I watch from my parents' bed, their bedroom television set blaring
Laugh-In
, as he tears through the contents of his closet, frantically pushing each hanger aside: there's the blue striped suit, the brown striped suit, the blue seersucker suit, the navy blazer, the camel's hair blazer, the banker's gray pants, the terrycloth robe, the riding jodhpurs, the Glen plaid hacking jacket, the powder blue leisure suit with the white buttons accidentally melted by Tess during an overzealous dry cleaning. He shoves everything back and starts all over again, like a shopper searching a rack for the right size. His ears are so red, they're almost blue. I can hear my mother in the kitchen, opening the refrigerator door; I hear her pull the cork on a bottle of wine. From where I sit, I can see my father's dingy white Jack Purcell's, his brown loafers, his wingtips, his tan suede bucks, his riding boots, his
leather opera slippers lined up on the closet floor. A colorful cardboard box containing his electric race car set topples over from where it is leaning against the inside closet wall; the lid separates from the bottom and long sections of black plastic track fall out and into the entryway to the bedroom. He grabs them and heaves all but one back into the closet; that one he smashes against the wall, where it explodes into shards of extruded black plastic that fly everywhere.

“Where
is
it?” he yells. My mother is watching from the narrow hallway between their bedroom and mine, smoking a cigarette and sipping her wine from a blue glass goblet.

“Not in front of her,” she says, calmly, nodding over to me on the bed.

“Where IS it?”

“It stank like a stable. I'll get you a new one.” She draws a puff and the tip of her cigarette grows into a long, smoldering ash the length of a pencil eraser.

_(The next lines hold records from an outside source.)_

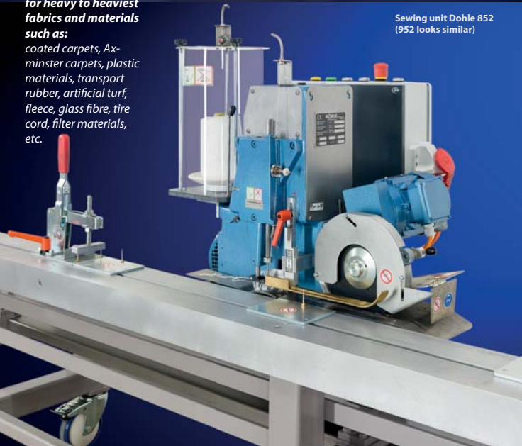
Sewing unit Dohle 852 (952 looks similar)

coated carpets, Axminster carpets, plastic materials, transport rubber, artificial turf, fleece, glass fibre, tire cord, filter materials, etc.
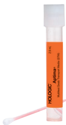
Aptima Multitest Swab Kit

Multiple sample types make the Aptima Combo 2 ® assay for CT/NG easy to order as a stand alone test, along with the Aptima Mycoplasma genitalium assay, the Aptima Trichomonas vaginalis assay or with the ThinPrep ® Pap Test.*
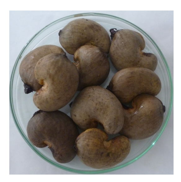
Fig. 1 Cashew seeds

All solvents used in this work were of analytical grade, manufactured by Merck, distilled at reduced pressure before use. The tested samples were seeds of cashew (Fig. 1), upland cotton (Fig. 2) and coconut (Fig. 3), the plants of which were grown at the location of Montería, in Córdoba, Colombia.
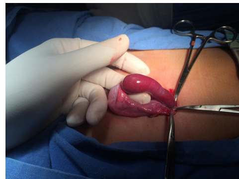
Figure 1: Discontinuous splenogonadal fusion

The histopathological report explains in the macroscopic description a vermiform tubular tissue of 7 cm in length and thickness of 1.3 cm of rubberized consistency compatible with splenic ectopic tissue without significant histopathological alterations or associated with gonadal tissue or mesonephric derivatives.
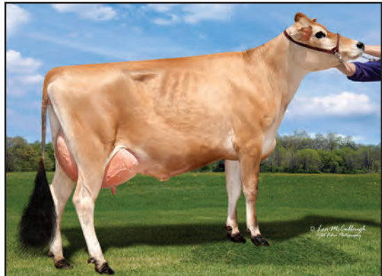
HEARTLAND IMPRESS TAMPA-ET, E-91% SISTER TO THE DAM OF LOT 22
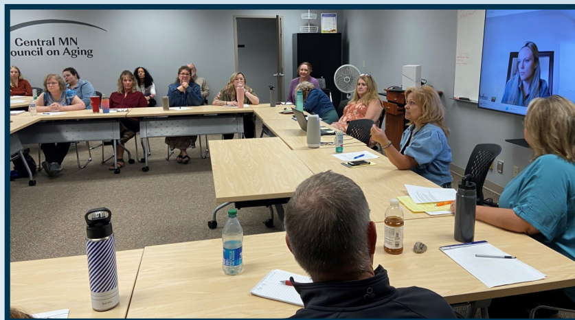
CMCOA staff meeting, June 2024

This annual report celebrates our 40-year journey and the achievements of the past year. We could not have accomplished this without your support and collaboration. Thank you for your commitment. Together we can make a lasting difference in Central Minnesota.
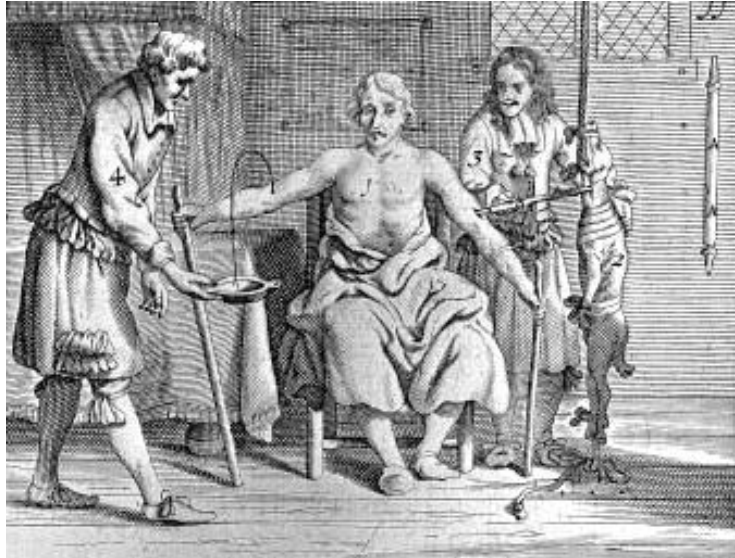
Image 2: Xenotransfusion procedures were rarely performed. Yet they were soon represented in a variety of medical treatises. Here a patient is having blood let from his right arm, while the blood of a bound dog is transfused into the left arm. Central panel of an engraving circa 1692. (Source: Johannes Baptista Lamzweerde, Appendix ... Ad Armamentarium Chirurgicum (Boutesteyn Leyden, 1692), 28. Image reproduced courtesy of the Wellcome Library London.
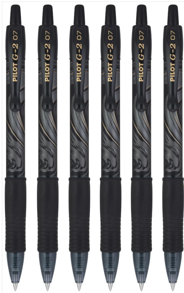
Image: A pack of six PILOT G2 Mineral Art Collection pens, showcasing their black ink and unique marbled barrel designs.
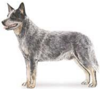
Australian Cattle (not AKC)
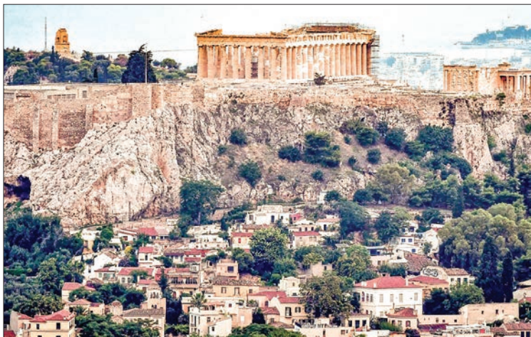
This picture shows a general view of the tiny Anafiotika district of Athens, under the Acropolis archaeological site.

"We didn't have time to visit before, so we came today, and it's free!" She said alongside two other Ukrainian students.—AFP ■
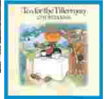
Album: Tea for the Tillerman (1970)
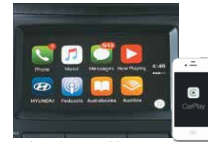
Apple CarPlay Connectivity
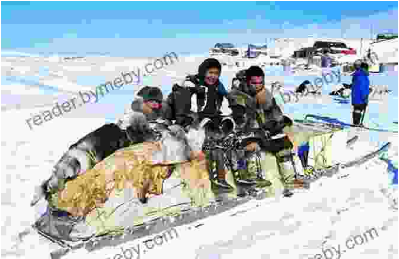
Preparing for the hunt

I'm fixated on it; if it drops, I'm certain that it will set the wall-to-wall carpet on fire like on the television shows I watch, and we will burn and we will perish and the building will be a hollowed-out shell of brick, the blackened holes where windows used to be now empty and gaping like toothless sockets.

My father slams the closet door, which jolts me out of my pyrophobic panic. He storms into the foyer, pulls out an ancient, hard-sided brown tweed Pullman suitcase, drags it past my mother and her cigarette back into the bedroom, and flings it open onto their bed right next to me; its leather handle grazes my leg. He empties a drawer's worth of clothes into it, slams it
shut, and stomps out into the hallway, grabs his car keys from the candy dish on the entryway table, and pulls the front door closed behind him so hard that the doorbell rings and the dog barks.

It happens in thick, slow motion; I watch it like a movie, through a scrim, from a distance.

The mother, heavily made up like a movie starlet, is talking to the small child lying on her parents' bed. The mother's mouth moves slowly. The child's lips are parted; she's barely breathing. She's sweating a little; she's shivering. Her color has gone sallow. She vomits all over her flannel pajamas, the powder blue ones with the tiny apples; there is Hawaiian Punch everywhere.

“Don't worry, honey,” the mother says to the child, taking her by the hand into the bathroom, where she sits her on the toilet and tenderly strips off her soaked and wretched pajamas. She washes her daughter's face with a cool washcloth that's lost its nap; it feels like cold sandpaper on the child's face. “He'll be back,” she says, while the child sits stunned, exhausted.